Concluding, Matrix is superior in regard of data privacy compared to all other competitors, simply out of the nature of its decentralized network structure.
Expandability, Integratability and Open-Source
Starting with Whats App, their system is mostly closed. Users can only connect to the network using the official app. Their server and client software are closed-source, although they heavily rely on open-source software. Third-party tools, like chatbots, can only be implemented through their chargeable Business API.
All of the Signal software, both client and server-side, is open-source. Although it is theoretically possible to connect third-party clients and integrations to their network, they are actively against it.
Telegram only offers their client as open-source, while their server-side is closed-source and proprietary. Compared to Signal, they support and appreciate the development of third-party clients and integrations, such as chatbots.
Regarding Matrix, everything is open-source. They support and appreciate any development around their messaging protocol. It is even possible to implement server software according to their specification. Although, to my knowledge, nobody except the organization themself has implemented one so far. The first homeserver software they have developed is called Synapse, which is written in Python. They are currently developing a second-generation server, called Dendrite, written in Go. It is intended to have greater efficiency, reliability, and scalability over Synapse. The discover section of their website offers an overview of all software created around the Matrix protocol, including a variety of clients, bots, SDKs, and bridges. The latter aims to bridge the Matrix network with other communication channels, such as Telegram, Discord, and Slack. The most popular Matrix client is Element, available on Web, Android, iOS, macOS, Windows & Linux. It is the most common way to enter the Matrix.
Conclusion
In all considered departments Matrix is superior to its competitors. Obviously, this post mostly covers technical aspects and does not cover topics such as client usability. For example, it would be reasonable to argue that Element is more complex to set up and use than Whats App. Especially less technically affine users first have to get their head around the decentralized concept and registration process, where you not only provide your phone number but actually register with a username and password.

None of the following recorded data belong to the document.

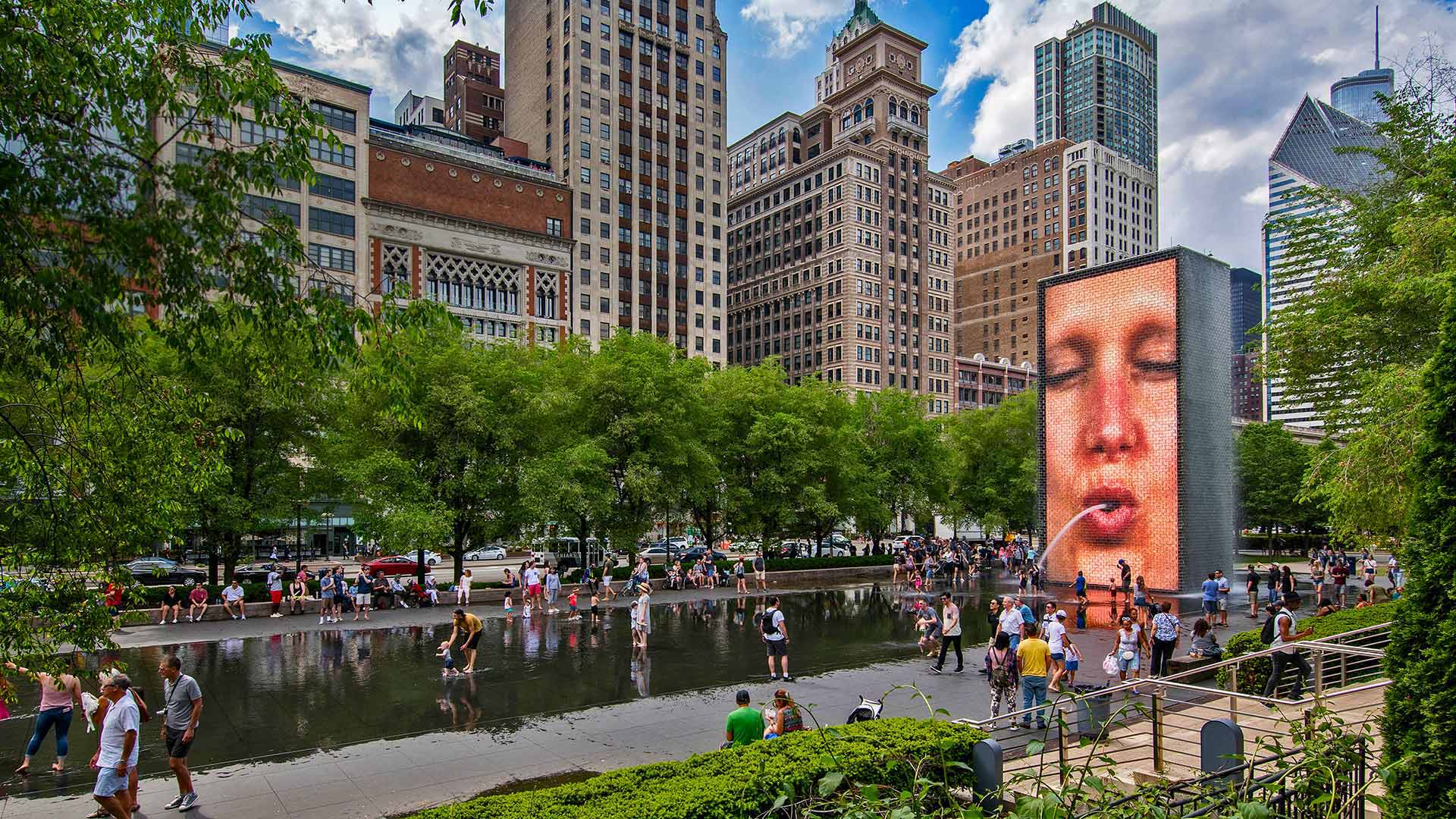 Crown Fountain by Jume Plensa at Millennium Park in Chicago © imageBROKER/Alamy
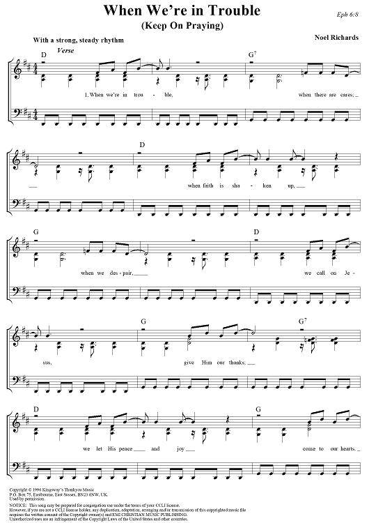 "When We're In Trouble (Keep On Praying)" Sheet Music by Noel Richards
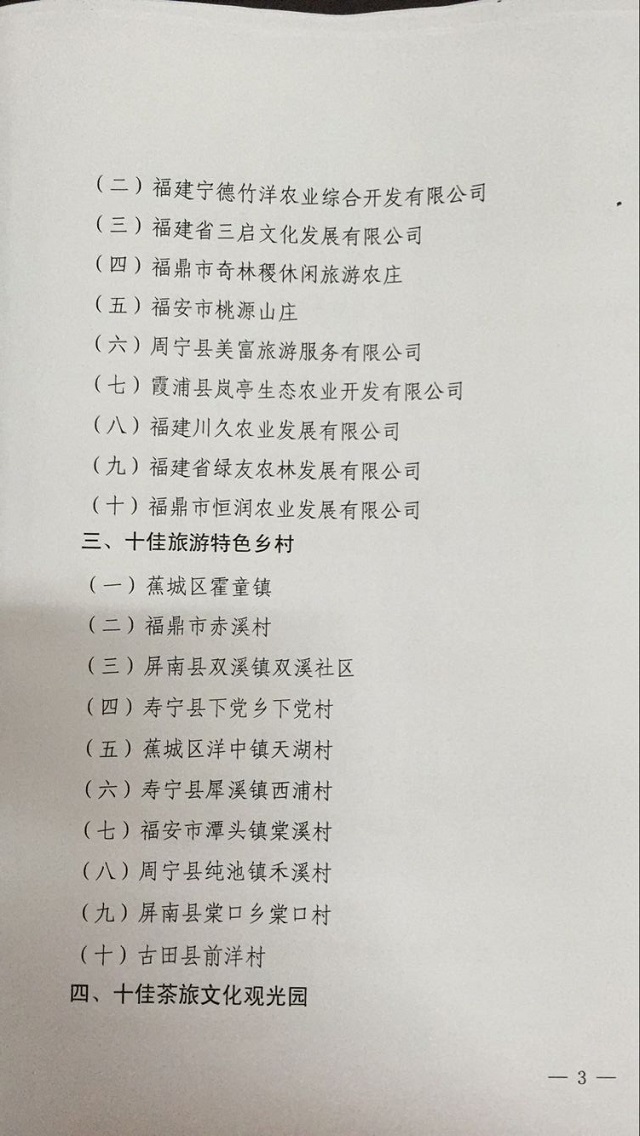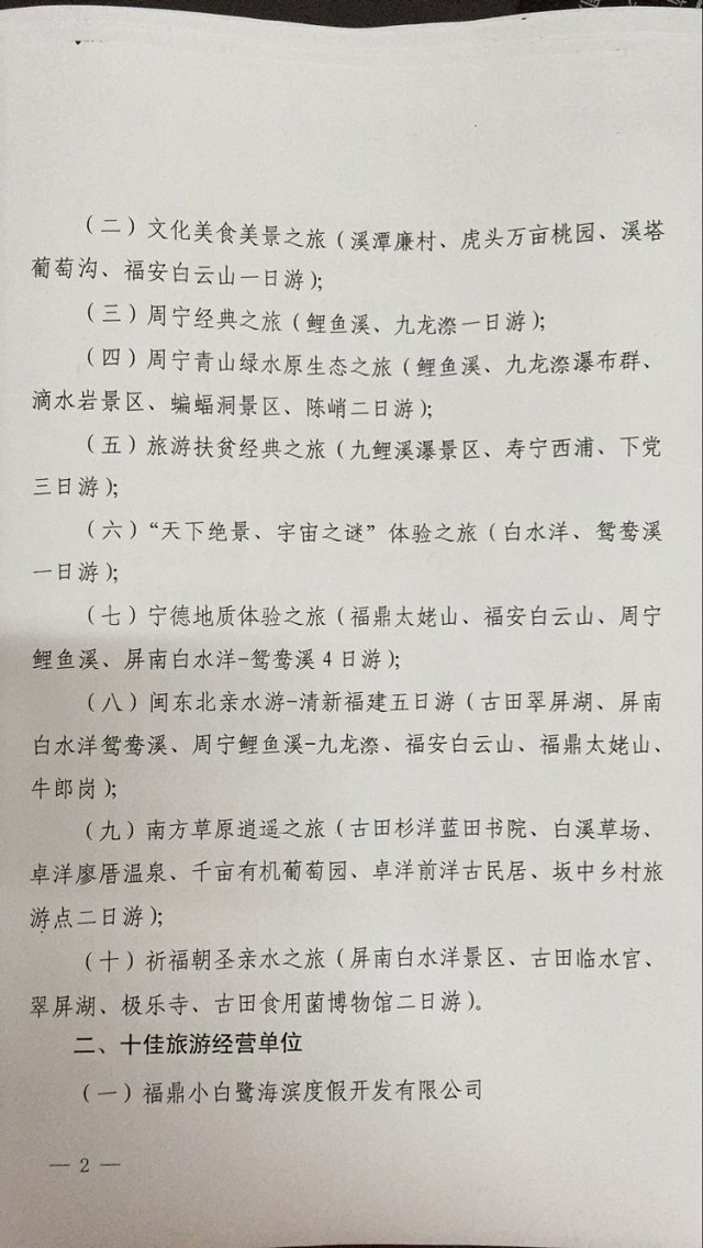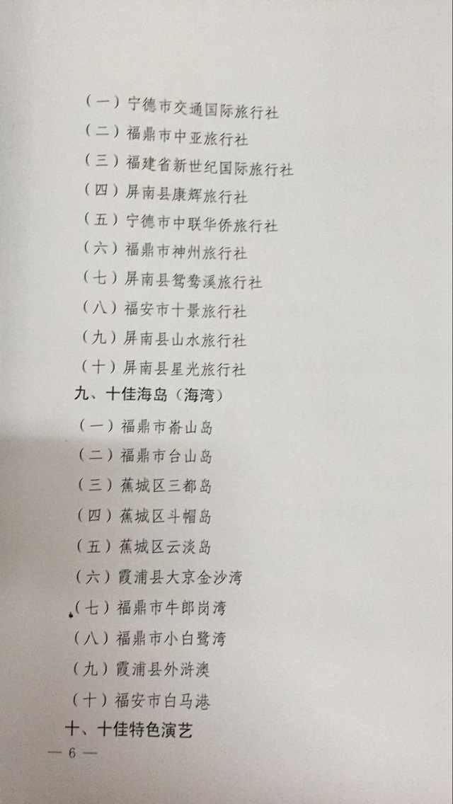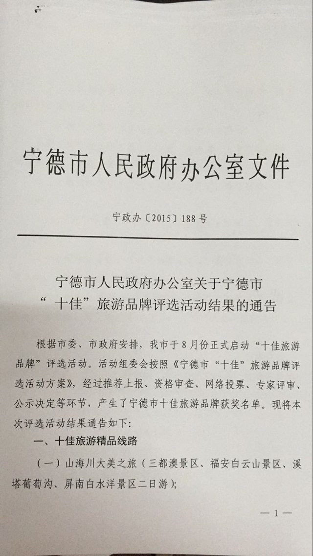 宁德市“十佳”旅游品牌评选活动结果
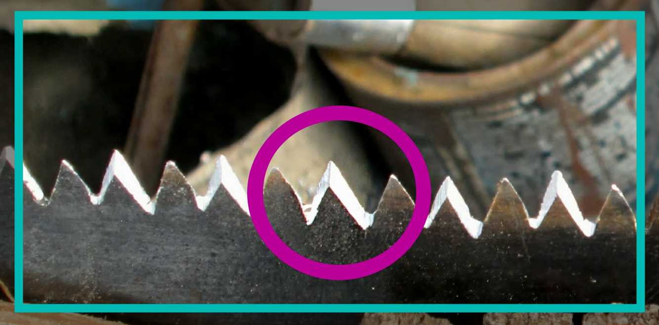 - При детальном осмотре видно, что кончики зубьев становятся округлёнными, что может привести к травмированию из-за тугого хода полотна и возможности его отскока при прикладывании больших усилий.
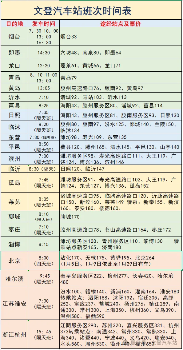 2026年1月份文登汽车站班次安排
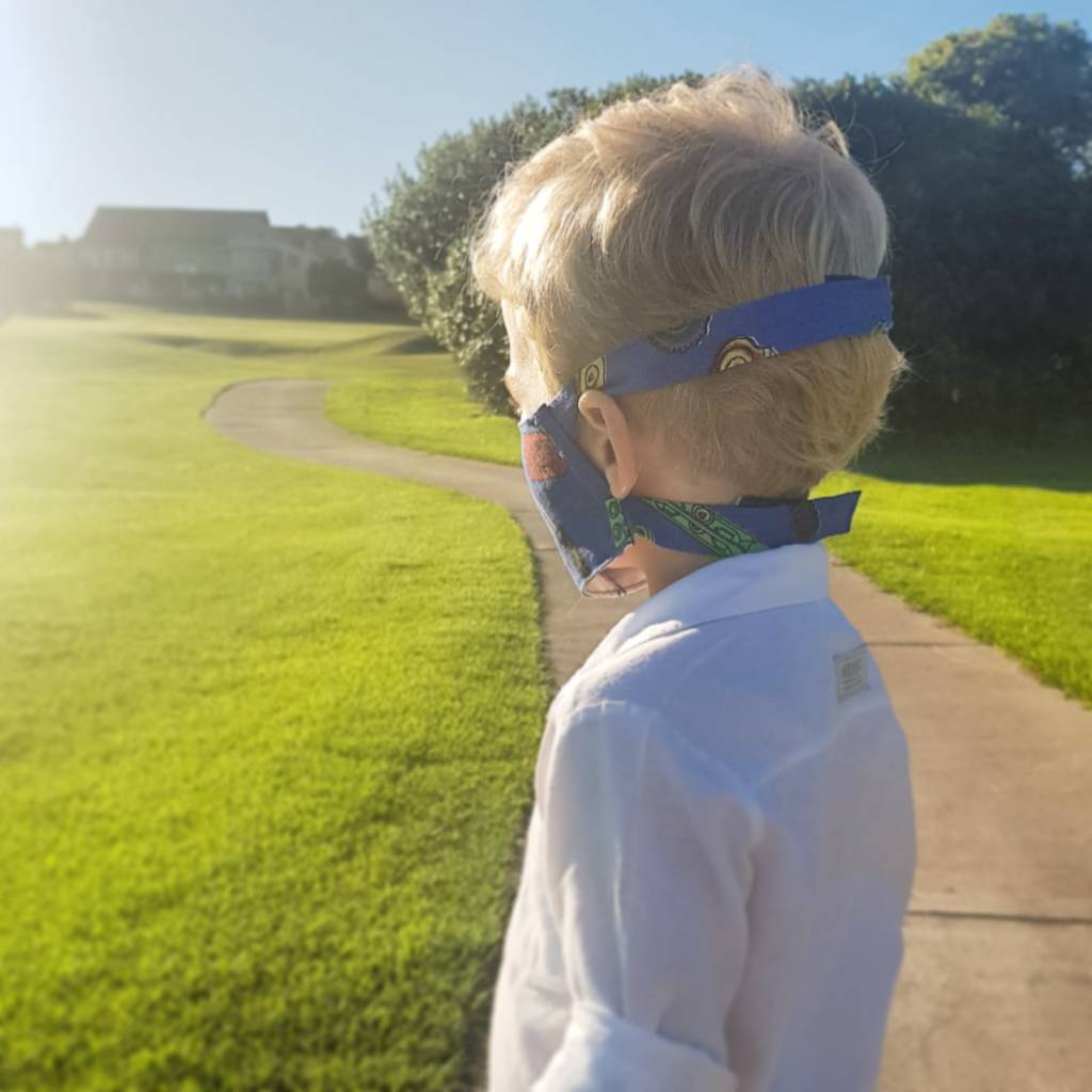 Make sure the mask fits over their nose and mouth, stretching from ear-to-ear and below the chin. Use elastic bands or velcro straps to make it easy to put on. Model good mask-wearing behaviour to your child and remember to make it part of a game / tell them they are a super-hero to encourage them to keep the masks on while in public places.

On the other hand, the openness of Matrix allows for full flexibility when designing and implementing clients, which will eventually solve this problem. In fact, most of the other available clients market themself as less complex.
In my opinion, Matrix will eventually deprecate all other messaging services, the same as SMTP has superseded X.400 as standard for E-Mail. Although it is still fairly unknown, it has gained in popularity rapidly within the last years, especially in the public sector. French and German authorities already deployed matrix in various departments and will continue to do so. For instance, the Bundeswehr is already using Matrix for communication on the highest confidentially level for about a year.
This was a very informative blog article! I also think Matrix is the future
That’s the way, spread the word about Matrix! Definitely need to get going and spin up my Synapse instance ASAP!! Great read and explanations, sir!